Milk Puns

Enjoy these udder-ly hilarious milk puns.

Milk Puns

I went into the library and asked for pint of milk. The librarian said 'this is a library'. So i whispered 'I'd like a pint of milk please'.
How do you milk sheep ?
Release another iPhone.
Why did the cow fall down while being milked? Because the rug was pulled out from udder it.
My pet cow thinks she produces almond milk. She must be nuts.
What do you call a cow that only produces almond milk? One that went nuts.
Why do milking stools only have three legs? The cows keep the udder safe.
Dad: How does a farmer keep his cows in line?
Kids: How?
Dad: He keeps them a-cow-ntable!
Some people prefer milk after it has churned. I guess they find it butter that way.
I sent my cows to bed at 8pm last night. I told them 'it's pasteur bedtime'.
Which book will be preferred by a man who sells milk? Cream and Punishment.
Why did the police arrest the milk after it was poured into a bowl of Fruit Loops? They witnessed him drown them. They knew he must be a cereal killer!
Milk aliens have landed. They said 'take me to your litre'.
You have two cows, but only milk one. Your friend asks you…
"What about the udder one?"
Did you hear about the cow that committed murder? It was in cow-ld blood! How dairy.

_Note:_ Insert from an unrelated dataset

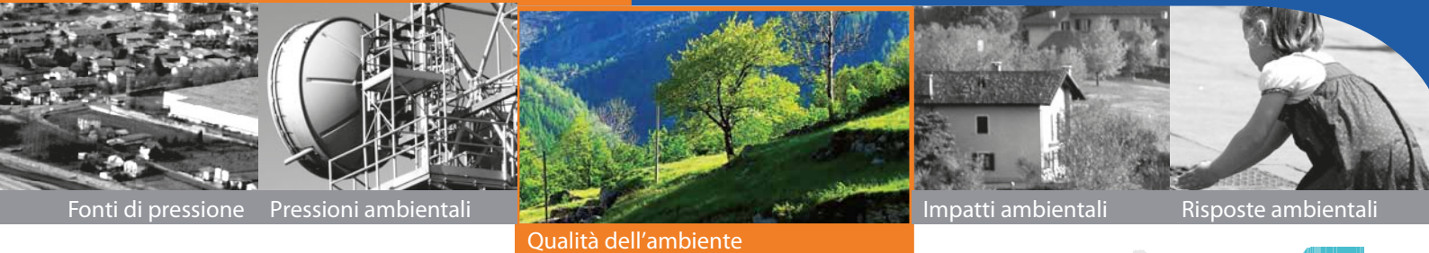
Fonti di pressione Pressioni ambientali

I can't drink milk. I lactose genes required to digest it.
My cows are super confusing. I can’t milk heads or tails of them.

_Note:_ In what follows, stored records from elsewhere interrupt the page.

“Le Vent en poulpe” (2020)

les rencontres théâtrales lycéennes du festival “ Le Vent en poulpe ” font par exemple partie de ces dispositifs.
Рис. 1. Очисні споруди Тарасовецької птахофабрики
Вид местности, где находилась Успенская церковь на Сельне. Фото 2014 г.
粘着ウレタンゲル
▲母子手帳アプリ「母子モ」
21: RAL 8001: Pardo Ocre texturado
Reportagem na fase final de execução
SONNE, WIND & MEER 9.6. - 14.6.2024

The spoiled milk always got what it wanted.
I introduced chocolate to milk. They did a chocolate milk shake.
I waited over an hour for my cappuccino and when it arrived there was too much milk and not enough coffee. Still, better latte than never.
What do dairy products say when they make a basketball shot? Colby!
What if soy milk is just regular milk that's trying to introduce itself in Spanish?
Do you know the hardest part about making skimmed milk? Having to throw the cows across the lake.
What would you call a dairy product that is horrible? “Udder bullshit.”
What’s a milk’s favorite fruit? Cow-conuts.
I thought I'd have some evaporated milk on my pudding. But when I opened it, it was empty.
What do you call yogurt that is terrified of other dairy products? A cow-ard!
What do you call a cow that doesn’t produce any milk? A milk dud!
What do you call a bee that makes a milk?
Boo-bee
I'm not saying you're old, but if you were milk I'd sniff you first.
Dad: Did you hear about the cow that was arrested?
Kids: No.
Dad: He was uddermining the authorities.
Milk is the fastest drink on the planet. It's pasteurized before you even see it.
What do you get when you drink milk
A moostache
So I asked Satan if he had any milk I could drink...
He told me "No whey in Hell!"
You should never give milk to someone who is open minded and hasn't yet had breakfast. They're lack-toast and tolerant.
Why can’t people without feet have dairy products? They lactose.
Don't use raw milk to make butter
It's not worth the whisk
I'm worried that the milk I got this morning was from a cloned cow. It tasted exactly like the milk I had yesterday.
My friend is always trying to make cows nervous. She's a fan of milkshakes.
Why does a cow hate artificial milk? Because the substance is pow-dairy.
How do you know if milk is expired? The smell is dairy bad!
What kind of milk do people drink in Mexico? Soy milk.
What do you call a very feminine cow that likes to be in charge? The Dairy Queen.
There was a stampede out on the dairy farm. It was udder chaos.
I tried out a lactose free diet. I stopped because I couldn’t figure out how to milk the almonds.
What do you call fraudulent milk? Cow-nterfeit.
Where did the milk write everything about her life? In her dairy.
Where do astronauts buy their milk? From the milky way!!!
What did the farmer yell out when ducks invaded his dairy farm? Cheese and crackers!
The thing about milk-inspired puns is you only reach 2% of their potential.
Why do workers at the dairy factory always need a charger? Their milk is stuck at 1%.